Kościół chce porozumienia w sprawie in vitro. Lepsze bowiem jest złe prawo niż jego brak. "Dzisiaj mamy przecież najgorszy stan prawny, bo nie mamy żadnego" - mówi w wywiadzie dla "Rzeczpospolitej" abp Józef Michalik, przewodniczący Episkopatu Polski.
Zdaniem posła PO Jarosława Gowina, to przełom w stanowisku polskiego Kościoła. Zmiana stanowiska nie oznacza jednak, że Kościół odstępuje od swojej nauki, a jedynie, że zaakceptuje ustawę chroniącą ludzkie zarodki w jakimkolwiek stopniu.
Metropolita przemyski nie jest jedynym, który mówi o kompromisie. Jak zauważa "Rz", kilka miesięcy temu o braku uregulowań prawnych zapłodnienia pozaustrojowego mówił ks. Franciszek Longchamps de Berier. Zastrzegał jednak, że o ile poszukiwanie kompromisu na poziomie politycznym jest możliwe, o tyle w porządku przekonań moralnych nie ma na niego miejsca.
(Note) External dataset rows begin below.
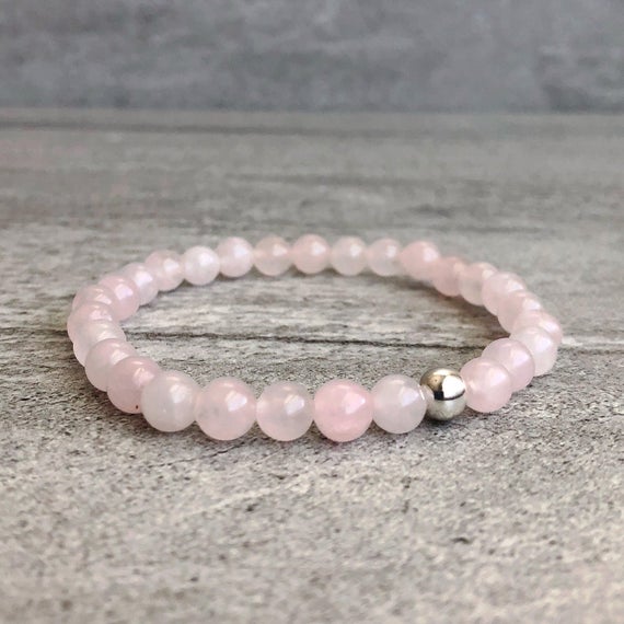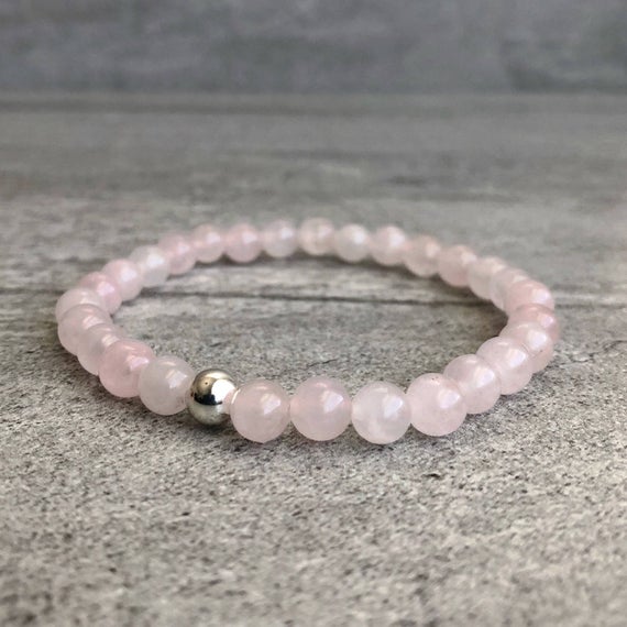 At a Great PriceRose Gold Anxiety Gemstone 6mm Pink Rose Quartz Stretchable Bracelet Round, Smooth 18cm for mens, womens, gf, bf and adults.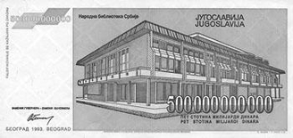 由于极为恶劣的通货膨胀势头根本无法阻止,因此1992年期间前南境内的通货膨胀水平已经达到每周约1520%,到1993年,又上涨到每周约3050%,个别时候一周之内货币甚至可贬值5倍之多。营业时间内,商店售货员每天的一项重要任务就是更换货价标签,最多时一天多达三四次。开始时还另写一张新货签取而代之,由于更换实在过于频繁,售货员干脆就直接在原价格基础上填“0”而已。购买一件东西,不带着一包的钞票恐怕只能空手而归。不得已,1993年下半年又出版发行了面值为5000亿的第纳尔钞票,即1个5后面跟有11个0的超大面额第纳尔开始出现。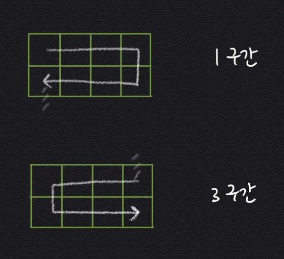 열을 2줄씩 자른 것이 한 단위가 되고
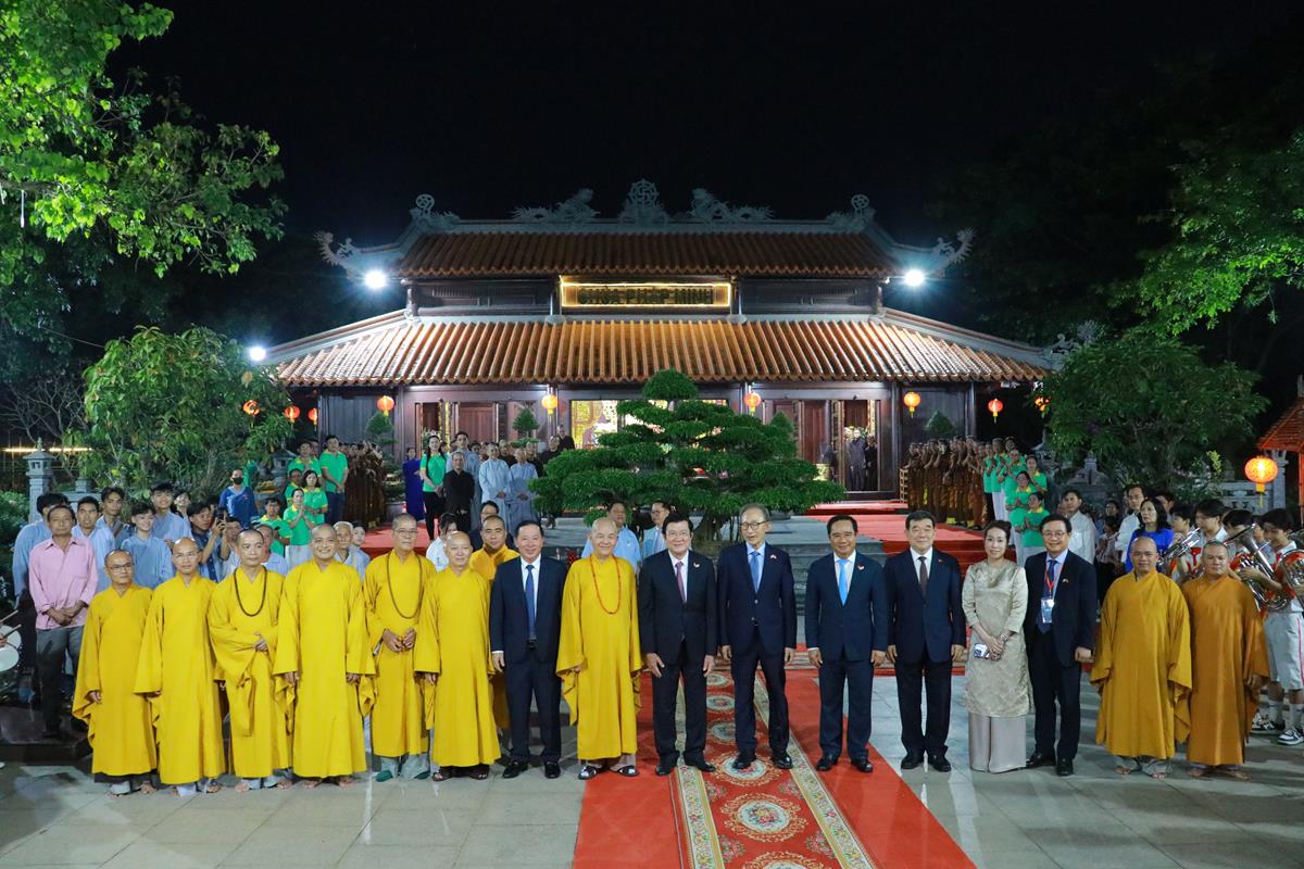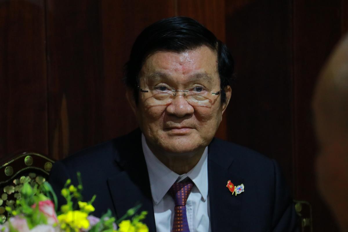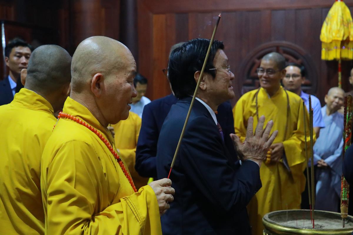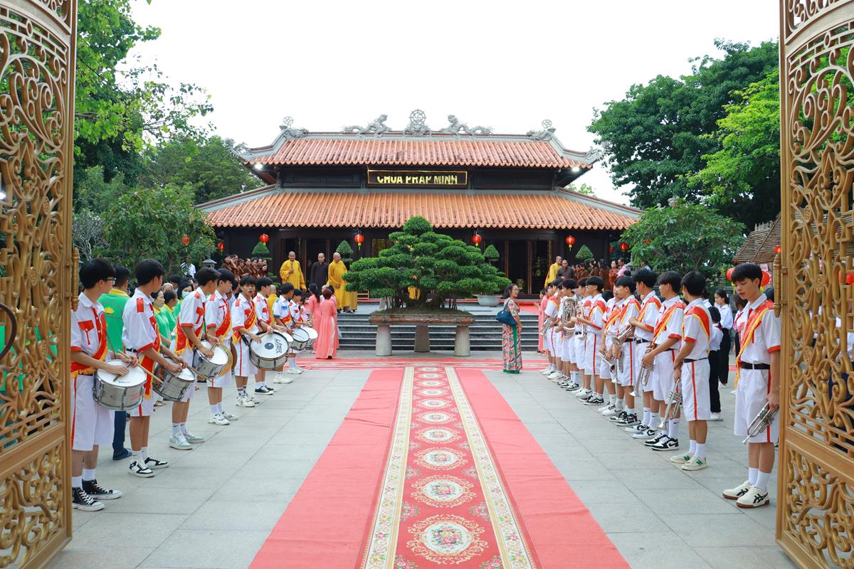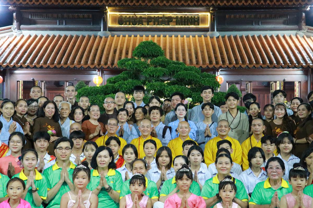 Tại buổi đón tiếp, HT. Thích Minh Thiện đã giới thiệu khái quát về quá trình hình thành và phát triển của chùa Pháp Minh. Chùa Pháp Minh do Hoà thượng Thích Liễu Lạc (1878-1937) thành lập vào năm 1933. Hòa thượng là ông 5 của Ngài Trương Tấn Sang (nội tổ của Ngài Trương Tấn Sang thứ 3). Trong thời kỳ chống thực dân Pháp (1948), chùa là địa điểm bí mật nuôi giấu dân quân kháng chiến. Bọn mật thám của giặc Pháp dò biết, quan huyện Đức Hoà ra lệnh cho Cai Nhung đem lính Mã Tà cướp phá chùa Pháp Minh và chở cột, kèo, mè… về huyện.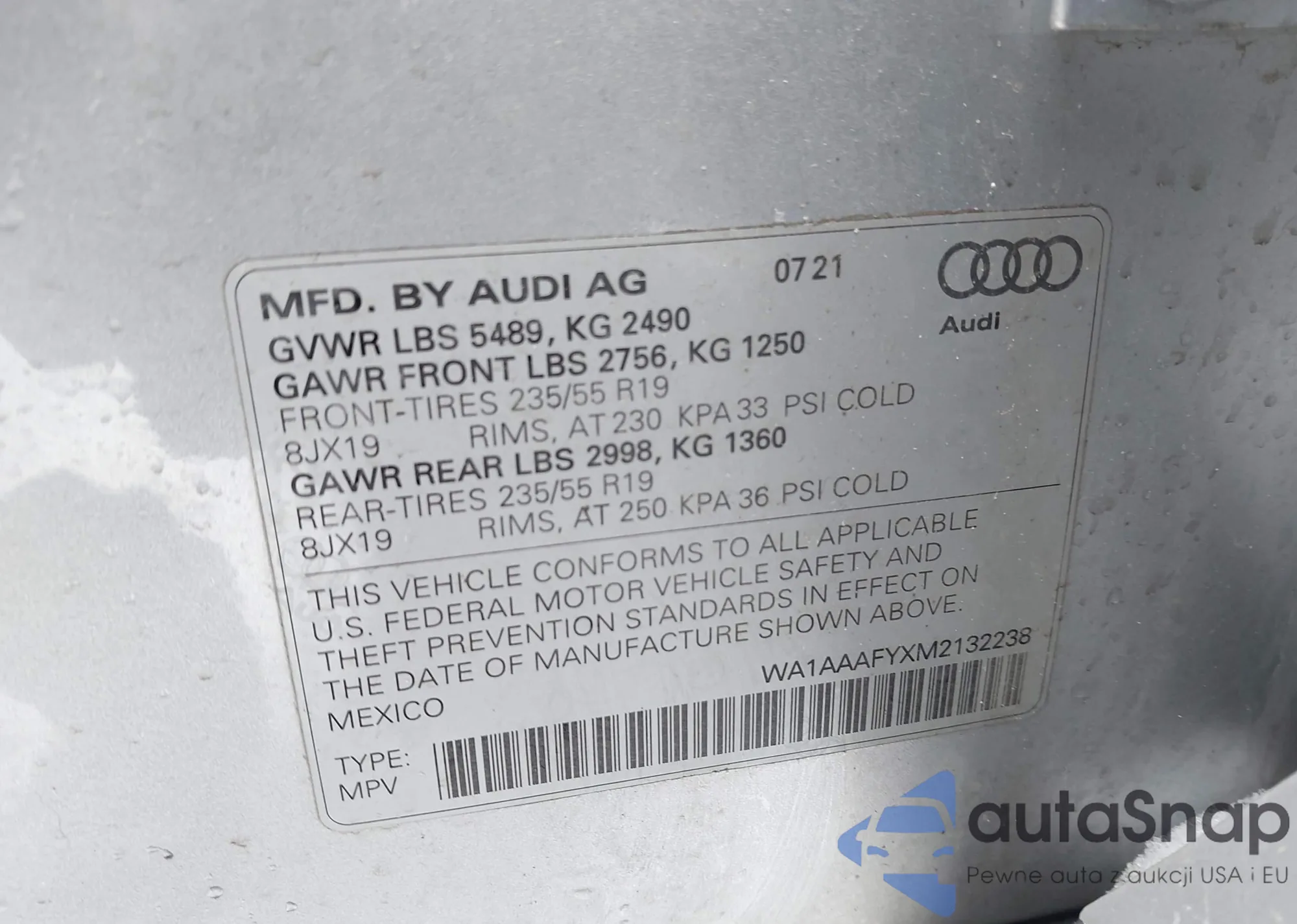 LOT: 44281425 VIN: WA1AAAFYXM2132238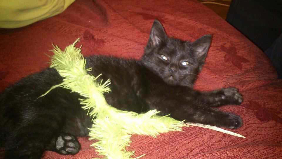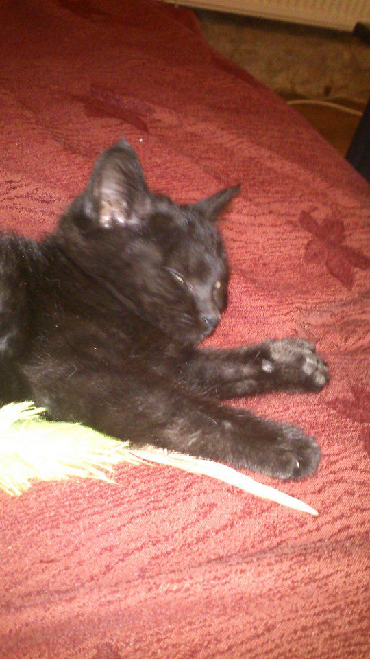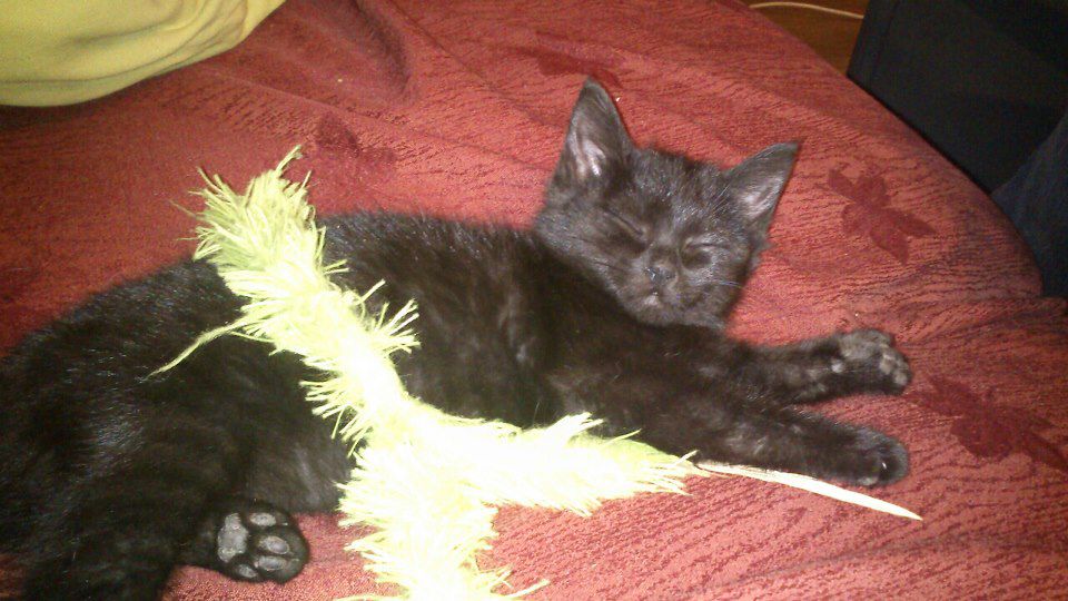 | Dire merci | La petite noiraude va bien ! c'est devenu en une semaine un chaton de canapé !! elle kiff trop ses nouveaux jouets ! hihi |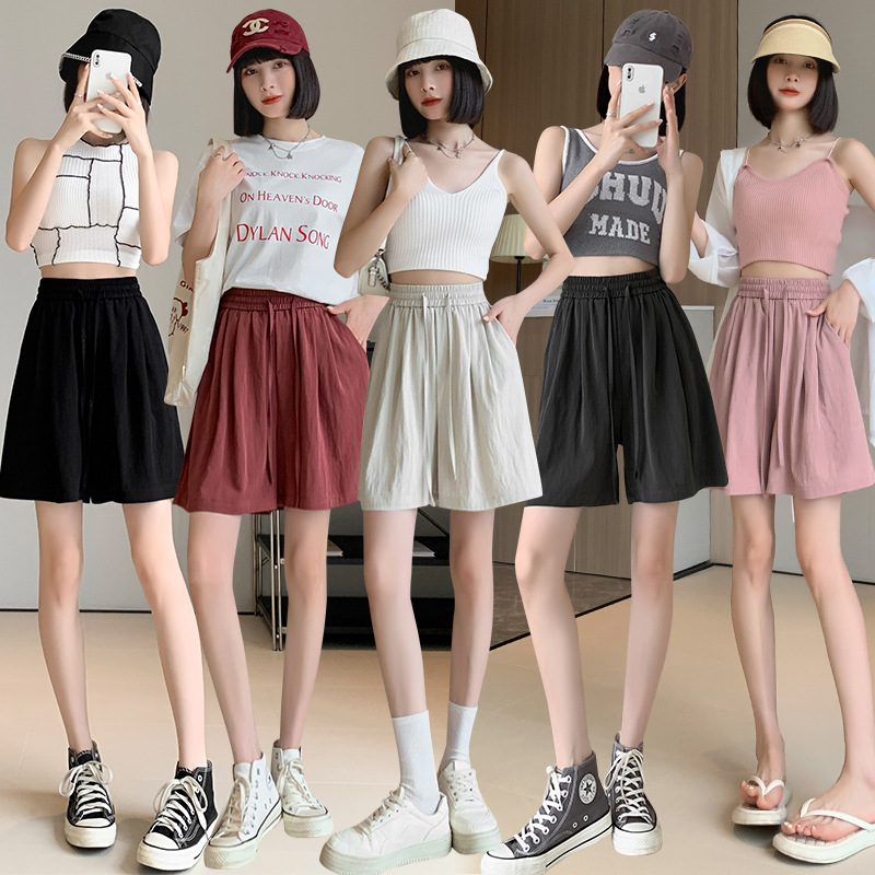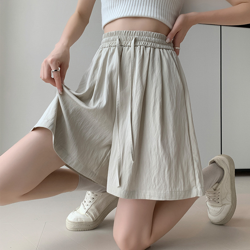 | nameOriginal | Real Shot Summer Ice Silk Texture Shorts Women's High Waist Thin Loose Straight Pleated Cool Casual Pants |

Podobne stanowisko znalazło się w dokumencie zespołu episkopatu ds. biomedycznych, który opublikowano w kwietniu.
W lipcu rusza program finansowania in vitro z budżetu państwa. Jego autor, minister zdrowia Bartosz Arłukowicz, mówi, że w tej kwestii potrzebna jest także ustawa. Kilka projektów leży już w szufladzie marszałek Sejmu, ale Ewa Kopacz czeka jeszcze na propozycję Platformy.